+++ The data +++
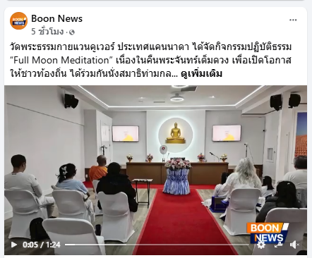วัดพระธรรมกายแวนคูเวอร์ ประเทศแคนนาดา ได้จัดกิจกรรมปฏิบัติธรรม Full Moon Meditation”
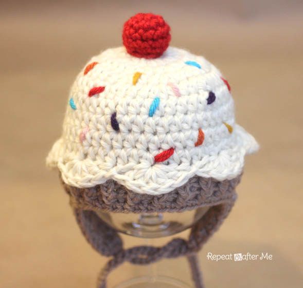 Mönstret till den här muffinshatten är gratis och finns på repeatcrafterme.com
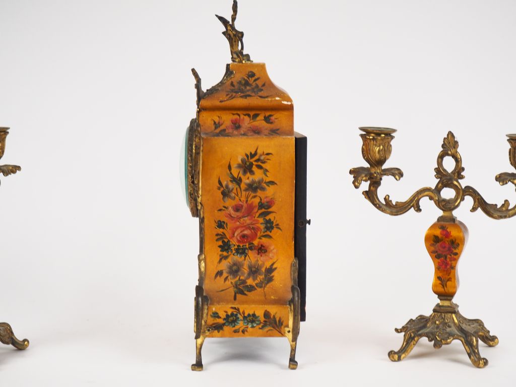 Garniture de cheminée de style Louis XV en Vernis Martin et métal doré comprenant une pendule, mouvement signé Fourgeaud. H. 37 cm et une paire de bougeoirs doubles (sauts de vernis).
+++
== What this task involves ==
Leaving every picture out, repeat each line of the material exactly.

== Response ==
วัดพระธรรมกายแวนคูเวอร์ ประเทศแคนนาดา ได้จัดกิจกรรมปฏิบัติธรรม Full Moon Meditation”
 Mönstret till den här muffinshatten är gratis och finns på repeatcrafterme.com
 Garniture de cheminée de style Louis XV en Vernis Martin et métal doré comprenant une pendule, mouvement signé Fourgeaud. H. 37 cm et une paire de bougeoirs doubles (sauts de vernis).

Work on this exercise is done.